Читаем The Secret History of the Mongol Queens полностью

Khatun is one of the most authoritative and magnificent words in the Mongolian language. It conveys regality, stateliness, and great strength. If something resists breaking no matter how much pressure is applied, it is described as khatun. The word can form part of a boy’s or girl’s name, signifying power and firmness combined with beauty and grace. Because of the admired qualities of khatun, men have often borne names such as Khatun Temur, literally “Queen Iron,” and Khatun Baatar, “Queen Hero.”


The Mongols recognized the role of the father as the provider of sperm, which created the bones of a new child, but the mother gave meat and blood. Thus male lineages became known as the yas, meaning “bone of the father,” while the larger kinship system was known as the urug, meaning “the womb.” Genghis Khan gave his royal family the name Altan Urug, the Golden Womb.

Repeatedly in Genghis Khan’s genealogy, the paternity of a child was in doubt. One of the most important ancestors of the Mongols, Alan Goa, had three sons after the death of her husband, but she insisted to all her sons that it did not matter from which father they came. The origin of a child’s bones played a less important role than the womb from which the child sprang.

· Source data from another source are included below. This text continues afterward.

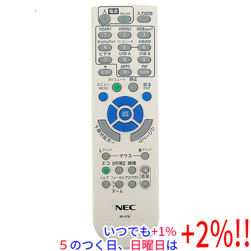 NEC プロジェクター用リモコン RD-478J 電池カバーなし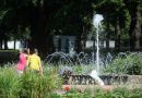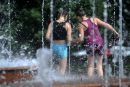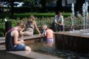 Cilvēki atvēsinās pie strūklakas karstajā vasaras dienā.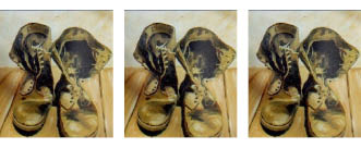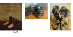 La primera serie de transición se compone de tres imágenes iguales, elaboradas con una técnica de óleo en la que predominan colores cafés y ocres. La imagen se encuentra en una perspectiva frontal que ocupa casi el 90 % del recuadro, sobre un piso de madera en el que se aprecian dos líneas a los lados de las botas, que marcan los límites entre las tablas de madera. La relación figura fondo está dada por los cambios de color, ya que en la mitad, el límite entre el piso de madera y la pared posterior se establece por el cambio entre el café de la madera y el color gris con breves trazos de café de la pared. El contraste claro oscuro se ve en el café oscuro en el interior de las botas y los tonos con algunos visos de luces marcados en el piso, en la parte anterior de las botas y la pared.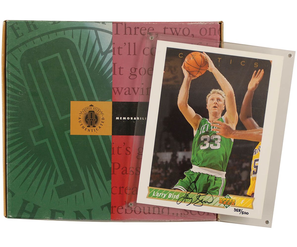 Limited edition ‘blow up’ of Bird’s 1992–93 Upper Deck trading card, 8.5 x 11, numbered #358/500, signed at the bottom in black felt tip. In fine condition, with a UDA authentication label affixed to the reverse. Accompanied by a certificate of authenticity from Upper Deck.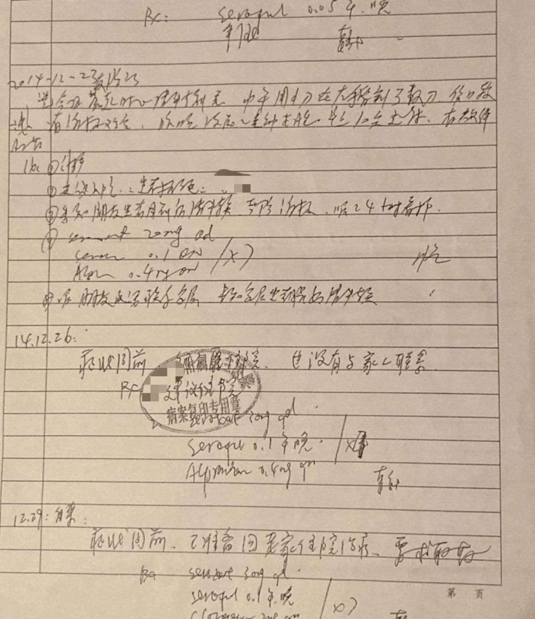 陈璐最早的抑郁症病历,时间为2014年。讲述者供图

When Genghis Khan’s wife Borte conceived her first child close to the time of her kidnapping, Genghis Khan insisted that, aside from the mother, it was no one’s business how she became pregnant. “It happened,” says the chronicle repeatedly. “It happened at a time when men were fighting; it happened at a time when men were killing. It happened at a time when the starry sky twisted in the heaven, when the nation twisted in turmoil, when people could not rest in their bed, or birds in their nest.”

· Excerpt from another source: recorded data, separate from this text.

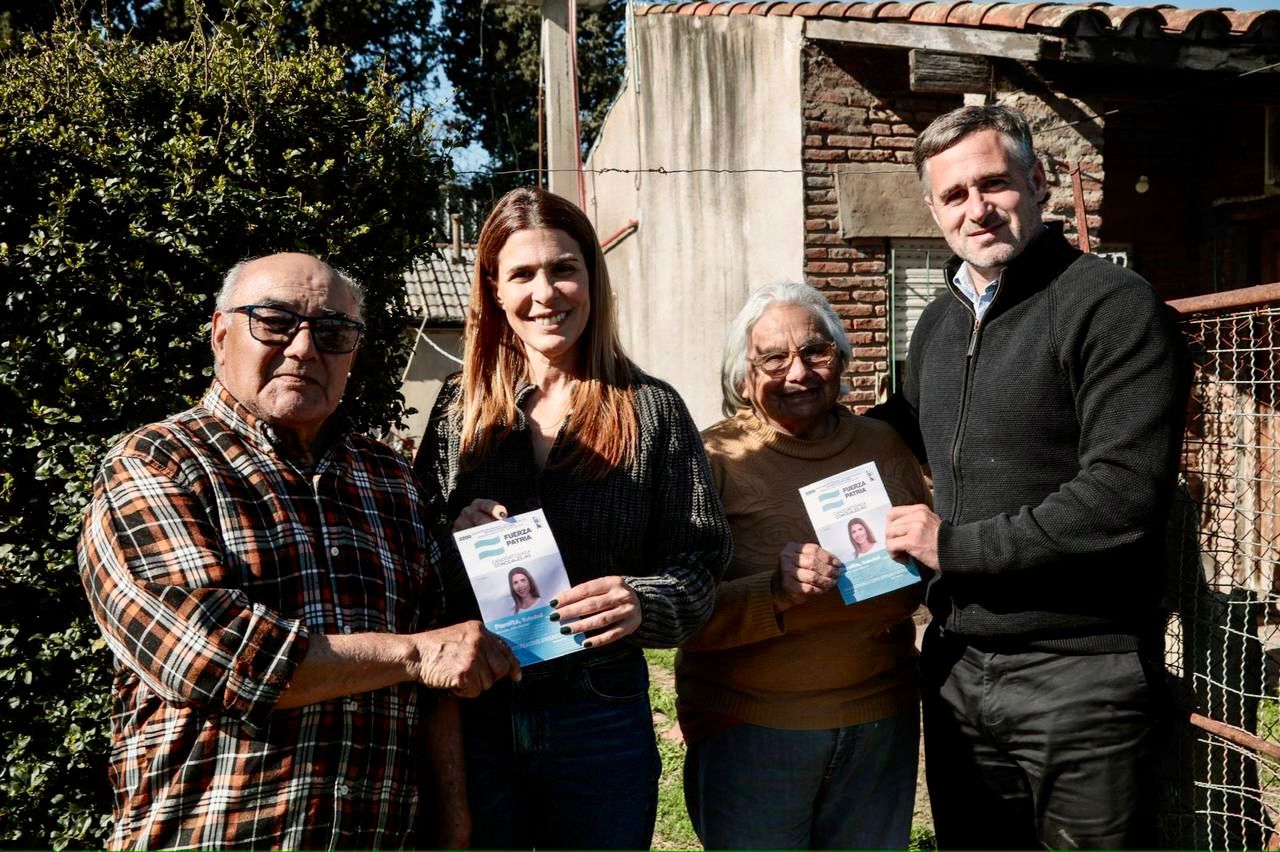 El intendente Federico Achával y Soledad Peralta, primera candidata a concejal por Fuerza Patria Pilar, le acercaron la primera boleta a Marta y Carlos, un matrimonio de vecinos jubilados. «Esta es la fuerza para defender a nuestros adultos mayores y para seguir transformando Pilar», expresó Peralta.
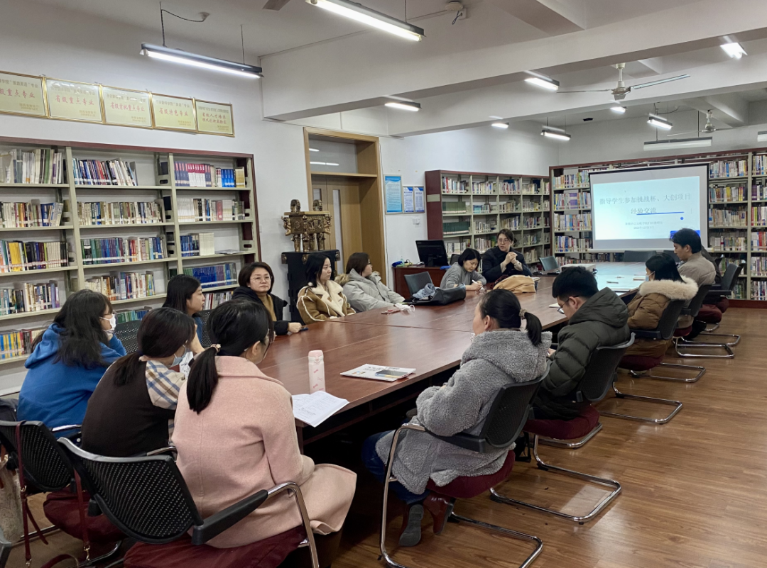 交流会上,首先由指导过学生参加挑战杯、大创项目等竞赛并取得优异成绩的几位教师分享经验和做法。教师们从赛事分类、项目来源、团队组建、指导学生实施项目与撰写、项目计划书的修改、答辩注意事项及结题论文发表等方面提供了宝贵的指导经验。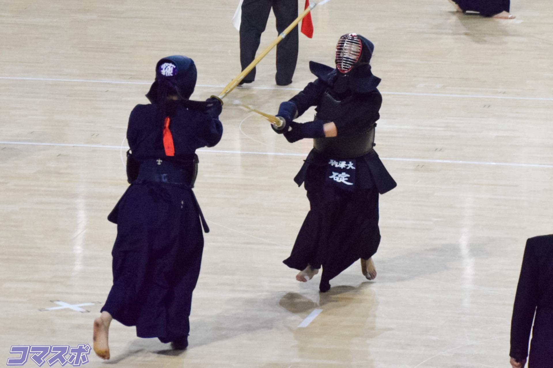 個人戦初出場で駒大唯一シードの佐藤佳音(歴4)は、2回戦の岩瀬(学習院大)が胴を打って振り返ったところの隙をついた面二本で二本勝ち。3回戦は市川(尚美学園大)から延長で飛び込み面を奪って一本勝ち。4回戦柴原(国際武道大)から面を二本奪って勝利した。5回戦では森園(法大)に竹刀を払い落とされて反則をしてしまう。試合は延長にもつれ込んで両者譲らず攻め続けるが、佐藤が再び竹刀を払い落とされ、反則二回で相手に一本が与えられて負けとなってしまった。

All that mattered was the parent’s success in raising the child. The Secret History eloquently described a mother’s devotion to her children: “She choked on her own hunger in order to feed them. She worried constantly how to make them into adults. She cleaned them and pulled them up by their heels to teach them to walk.” It took the effort of a mother to transform boys into men. She “stretched them by the shoulders to pull them up to become men. She pulled them by their necks. She pulled them up to the height of other men. She did these things because she was the mother with a heart as bright as the sun and as wide as a lake.”

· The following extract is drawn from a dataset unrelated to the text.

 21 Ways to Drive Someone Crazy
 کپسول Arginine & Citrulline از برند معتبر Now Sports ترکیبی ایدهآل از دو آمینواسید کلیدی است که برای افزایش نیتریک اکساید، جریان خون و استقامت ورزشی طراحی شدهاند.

Outlawing the sale or barter of women marked Genghis Khan’s first important departure from tribal practices regarding marriage, and gradually through a series of such changes he transformed the social position of his daughters, and thereby of all women, within his burgeoning empire. His laws regarding women did not spring from an ideological position or special spiritual revelation so much as from personal experience and the practical needs of running a harmonious society. The natural accord between male and female, the sky and the earth, the sun and the moon had a practical application in the relations of men and women in the family and in society.

Genghis Khan was certainly ambitious and had much larger desires in the world than merely uniting the warring tribes of the steppe. Yet, in order to expand his empire, he needed someone to rule the newly conquered people. He had to leave someone in charge. Ideally, he would have had a stable of talented sons and given each one of them a newly conquered country to govern, but his sons were simply not capable. Without competent sons, he could leave a general in charge, but Genghis Khan had been betrayed too many times by men inside and outside his family. He probably knew well the result of Alexander the Great’s overreliance on his generals, who subsequently divided the empire among themselves as soon as their leader died.

The women around Genghis Khan motivated him, and he constantly strove to make them happy. “My wives, daughters-in-law, and daughters are as colorful and radiant as red fire,” he said. “It is my sole purpose to make their mouths as sweet as sugar by favor, to bedeck them in garments spun with gold, to mount them upon fleet-footed steeds, to have them drink sweet, clear water, to provide their animals with grassy meadows, and to have all harmful brambles and thorns cleared from the roads and paths upon which they travel, and not to allow weeds and thorns to grow in their pastures.”